分割晶圓的方法的其中一種，已知有讓穿透性之雷射光線聚光於晶圓的內部，且藉由多光子吸收而形成改質層(改質區域)之方法(SD：隱形切割，Stealth Dicing)(參照例如專利文獻1)。在沿著分割預定線來形成改質層後，是藉由利用例如刀狀的構件等來施加力學上的壓力，以使晶圓以改質層為起點而分割成複數個器件晶片(參照例如專利文獻2)。 先前技術文獻 專利文獻One of the methods of dividing a wafer is known as a method of concentrating penetrating laser light inside a wafer and forming a modified layer (modified region) by multiphoton absorption (SD: invisible) Cutting, Stealth Dicing) (refer to, for example, Patent Document 1). After the reforming layer is formed along the dividing line, the mechanical pressure is applied by using, for example, a blade-shaped member or the like, so that the wafer is divided into a plurality of device wafers starting from the modified layer (refer to, for example, Patent Document 2). Prior Technical Literature Patent Literature

專利文獻1：日本專利特開2002-192370號公報 專利文獻2：日本專利特開2016-40810號公報Patent Document 1: Japanese Laid-Open Patent Publication No. 2002-192370. Patent Document 2: Japanese Patent Laid-Open No. 2016-40810

發明概要 發明欲解決之課題 但是，由於如上述的晶圓一般是較脆的，因此在施加力學上的壓力之方法中，會容易使器件晶片之邊緣等缺損。又，由於必須對所有的分割預定線施加壓力，因此當器件晶片的尺寸變小時(例如，縱寬1mm×橫寬1mm等)，會導致於分割上所需要之時間也變長。SUMMARY OF THE INVENTION Problem to be Solved by the Invention However, since the wafer as described above is generally brittle, in the method of applying mechanical stress, the edge of the device wafer or the like is easily broken. Further, since it is necessary to apply pressure to all of the planned dividing lines, when the size of the device wafer becomes small (for example, 1 mm in length × 1 mm in width, etc.), the time required for the division becomes long.

本發明是有鑒於所述問題點而作成的發明，其目的在於提供一種抑制缺損之產生並且可以在短時間內分割晶圓之晶圓的加工方法。 用以解決課題之手段The present invention has been made in view of the above problems, and an object thereof is to provide a processing method for suppressing occurrence of defects and dividing a wafer of wafers in a short time. Means to solve the problem

根據本發明的一態樣，可提供一種晶圓的加工方法，該晶圓的加工方法是沿著設定於晶圓之複數條分割預定線來分割晶圓，並包含： 載置步驟，將於其中一面貼附膠帶且在晶圓的內部的對應於該分割預定線之位置上形成有成為分割的起點的改質層之晶圓，隔著該膠帶來載置於加熱台；及 分割步驟，在藉由該加熱台加熱已載置於該加熱台的晶圓之後，以冷卻單元冷卻晶圓的露出之另一面的整體，且以改質層為起點而沿著分割預定線來分割晶圓， 在該分割步驟中，是藉由相應於該加熱與該冷卻的溫度差所產生之熱衝擊來將晶圓破斷。According to an aspect of the present invention, a method of processing a wafer by dividing a plurality of wafers along a plurality of predetermined lines set on a wafer, and comprising: a loading step, a wafer having a modified layer formed on one side of the wafer corresponding to the predetermined dividing line at a position corresponding to the predetermined dividing line, placed on the heating stage via the tape; and a dividing step After the wafer that has been placed on the heating stage is heated by the heating stage, the entire exposed surface of the wafer is cooled by the cooling unit, and the wafer is divided along the dividing line by using the modified layer as a starting point. In the dividing step, the wafer is broken by a thermal shock corresponding to a temperature difference between the heating and the cooling.
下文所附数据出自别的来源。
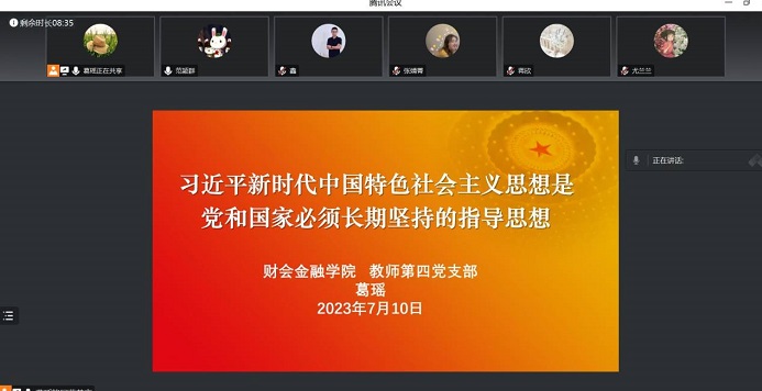 7月10日下午,财会金融学院教师第四党支部开展主题教育专题党课活动,党支部书记葛瑶主讲,全体党员老师线上参加学习。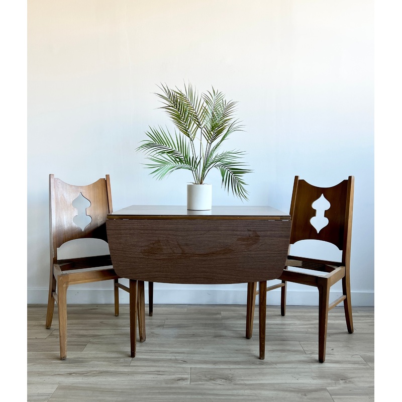 Condition: This vintage dining set is an 8.5 and in good condition with light wear from use and age. There are a couple small scuffs and some discoloration but overall it is in good condition. Please see the photos!

在本發明的一態樣中，亦可為該冷卻單元是朝晶圓的另一面的整體噴射冷卻用的流體。又，亦可為該冷卻單元具備與晶圓的該另一面的整體相接之接觸面，並藉由帕耳帖(Peltier)效應來冷卻該接觸面。 發明效果In one aspect of the invention, the cooling unit may also spray a cooling fluid toward the entire surface of the wafer. Further, the cooling unit may have a contact surface that is in contact with the entire other surface of the wafer, and the contact surface may be cooled by a Peltier effect. Effect of the invention

在本發明的一態樣之晶圓的加工方法中，由於是利用相應於加熱與冷卻的溫度差所產生的熱衝擊(thermal shock)來分割晶圓，因此不需要對晶圓施加力學上之力。據此，可以防止起因於力學上之力的晶圓的缺損。又，由於是利用作用於晶圓的整體之熱衝擊，因此可在短時間內沿著所有的分割預定線來分割晶圓。In the method of processing a wafer according to an aspect of the present invention, since the wafer is divided by a thermal shock corresponding to a temperature difference between heating and cooling, it is not necessary to apply a mechanical force to the wafer. force. According to this, it is possible to prevent the wafer from being damaged due to the mechanical force. Further, since the thermal shock acting on the entire wafer is utilized, the wafer can be divided along all of the planned dividing lines in a short time.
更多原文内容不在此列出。